Records contained in a dataset:
━━━━━━━━━━━━━━━━━━━━━━━━━━━━━━

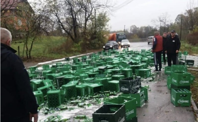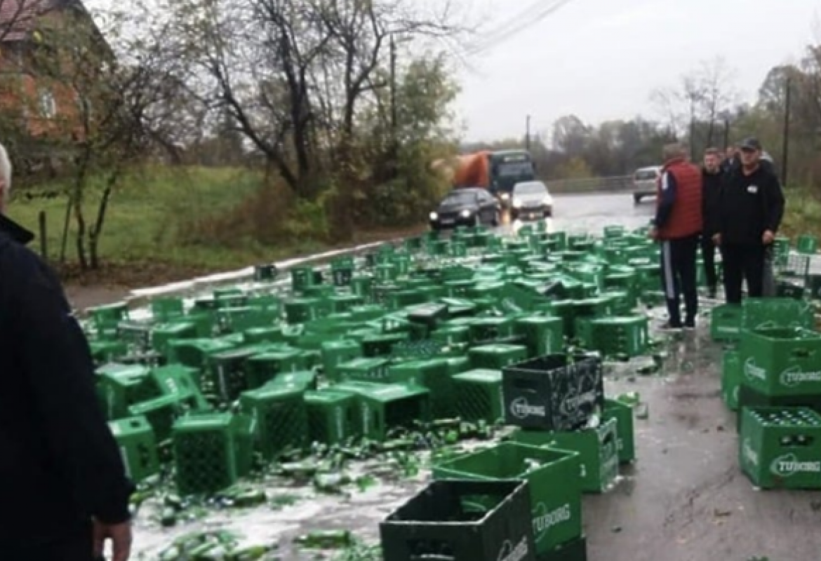 Tom prilikom, veći broj gajbi s pivom završio je na cesti, što je stvorilo probleme u odvijanju saobraćaja.
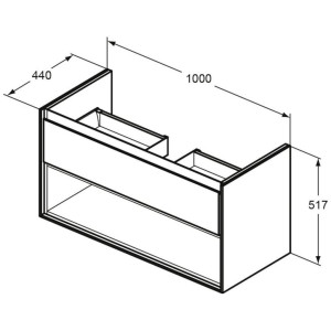 Dotaz na produkt Na splátky ještě dnesConnect Air skříňka pod nábytkové umyvadlo 100 cm včetně upevnění. 1 otevřená police + 1 zásuvka se Soft-close zavíracím mechanismem. Povrch: vícevrstvý lesklý nebo matný lak, v případě dekoru dřeva melaminová vrstva. Pro kombinaci s umyvadlem na desku nutno doobjednat vrchní desku. Provedení: lesklý lak bílý + matný lak sv. šedý
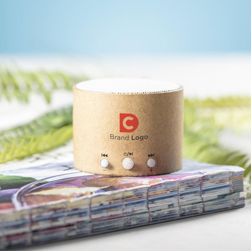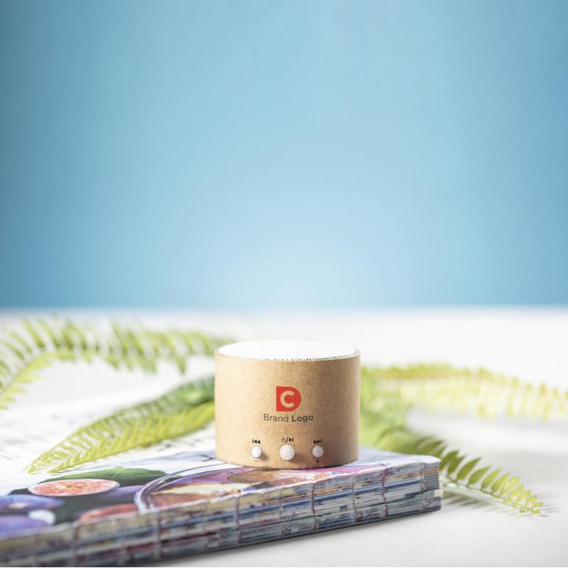 Compacto altavoz de línea nature y conexión Bluetooth® 5.0. Frabricado en cartón reciclado, contribuyendo a la conservación de los bosques y reduciendo considerablemente la huella de carbono, con botones de control en caña de trigo. Ofrece 3W de potencia, compatible con iOS y Android. Incluye cable de carga micro USB. Presentado en atractiva caja de diseño eco, con manual de instrucciones en español e inglés.
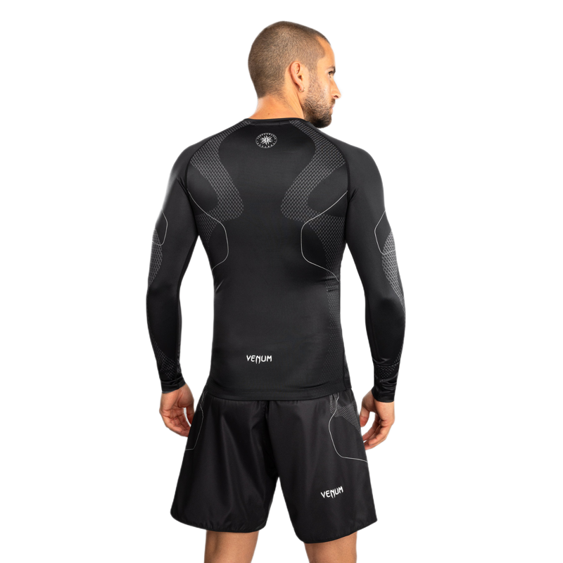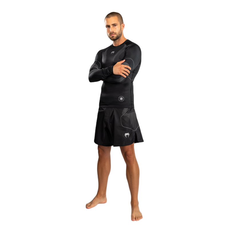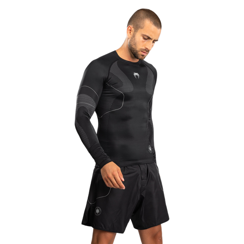 Venum Nexus Long Sleeve Rashguard je zasnovan za intenzivne treninge grapplinga, BJJ-ja in MMA. Njegov futuristični dizajn združuje funkcionalnost in slog, medtem ko kompresijski kroj nudi podporo med zahtevnimi treningi in lahko pomaga pri regeneraciji mišic. Poleg zaščite pred odrgninami in opeklinami zagotavlja popolno svobodo gibanja.
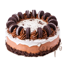 Шоколадов кексов блат с млечно-шоколадов мус с лешников тахан и нежен портокалов мус, цели лешници в пълнежа, с шоколадова глазура и украса от карамелизирани лешници и френски макарони.

━━━━━━━━━━━━━━━━━━━━━━━━━━━━━━

• Work task
Apart from the pictures, every line of the data above should be given again exactly.

• Result of the task
 Tom prilikom, veći broj gajbi s pivom završio je na cesti, što je stvorilo probleme u odvijanju saobraćaja.
 Dotaz na produkt Na splátky ještě dnesConnect Air skříňka pod nábytkové umyvadlo 100 cm včetně upevnění. 1 otevřená police + 1 zásuvka se Soft-close zavíracím mechanismem. Povrch: vícevrstvý lesklý nebo matný lak, v případě dekoru dřeva melaminová vrstva. Pro kombinaci s umyvadlem na desku nutno doobjednat vrchní desku. Provedení: lesklý lak bílý + matný lak sv. šedý
 Compacto altavoz de línea nature y conexión Bluetooth® 5.0. Frabricado en cartón reciclado, contribuyendo a la conservación de los bosques y reduciendo considerablemente la huella de carbono, con botones de control en caña de trigo. Ofrece 3W de potencia, compatible con iOS y Android. Incluye cable de carga micro USB. Presentado en atractiva caja de diseño eco, con manual de instrucciones en español e inglés.
 Venum Nexus Long Sleeve Rashguard je zasnovan za intenzivne treninge grapplinga, BJJ-ja in MMA. Njegov futuristični dizajn združuje funkcionalnost in slog, medtem ko kompresijski kroj nudi podporo med zahtevnimi treningi in lahko pomaga pri regeneraciji mišic. Poleg zaščite pred odrgninami in opeklinami zagotavlja popolno svobodo gibanja.
 Шоколадов кексов блат с млечно-шоколадов мус с лешников тахан и нежен портокалов мус, цели лешници в пълнежа, с шоколадова глазура и украса от карамелизирани лешници и френски макарони.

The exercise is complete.